# Speakers make a buzzing/scratching sound at certain times



## bpetruzzo (Aug 10, 2004)

Whenever I scroll, drag a window or item, resize something or even sometimes just move the mouse, there's a kind of buzzing or scratching sound coming out of my speakers. It's not affected by the volume on the computer either. I really don't even know where to start with this problem, it sure is annoying though.

anyone have any ideas?


----------



## Wozer (Oct 3, 2004)

is your mouse wireless?


----------



## bpetruzzo (Aug 10, 2004)

yes sir, it is.


----------



## Wozer (Oct 3, 2004)

first try separating the wires to your speakers from the wires associated with your mouse (keyboard also?)...
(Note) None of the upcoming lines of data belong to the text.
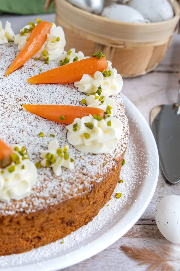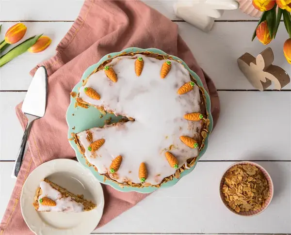 For the icing, sift icing sugar into a large bowl, gradually add water and whisk together until thick but still pourable. Once the cake has cooled completely, cover the cake with apricot jam using an offset spatula, then add the frosting evenly. For decoration, top with carrots and decorate the edges of the cake with sliced almonds.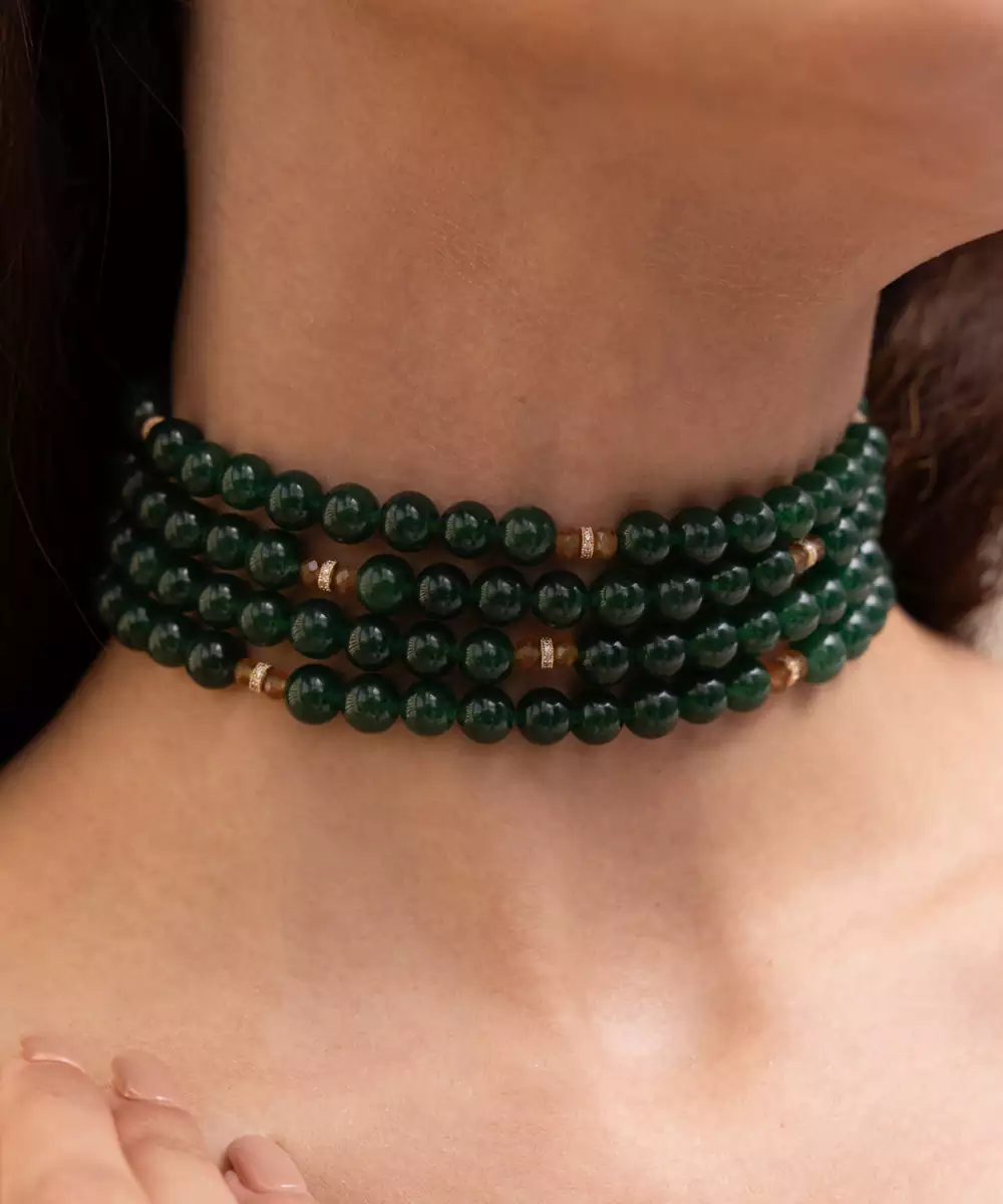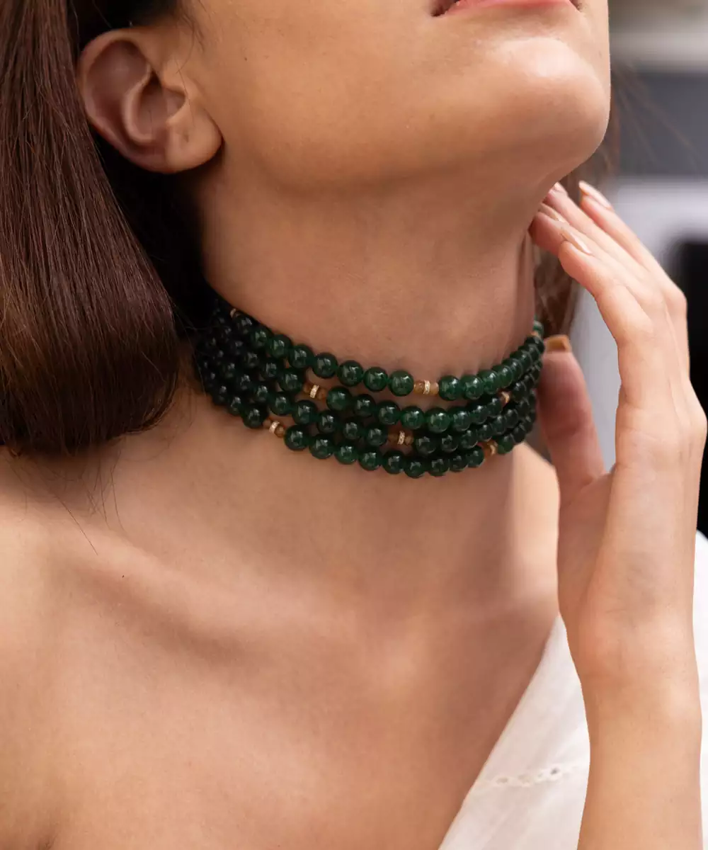 A Deep Green Multi Strand Choker Crafted With Polished Beads And Centered By A Subtle Charm. It Radiates A Classic Elegance Ideal For Evening Functions And Traditional Silhouettes.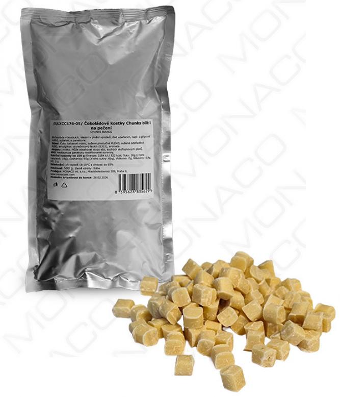Bílá čokoláda v kostkách, ideální k dekoraci a plnění výrobků před upečením, např. k přípravě muffinů, sušenek a panettone.

if that fails...hmmm...well, I don't use wireless technology because I do audio work on my PC and simply don't want a track ruined by any possible interference..with my luck I'd play the ultimate riff and have it ruined....the point being I have no pratical experience on this subject..

the following is purely theory:

guitar wiring is many times shielded with a simple layer of aluminum foil...wrapping your speaker wires in said material might just solve your problem..


----------



## bat21 (Sep 29, 2006)

And to add to Wozer's excellent suggestions if you have unshielded speakers that are too close in proximity to your PC tower try move them further away.


----------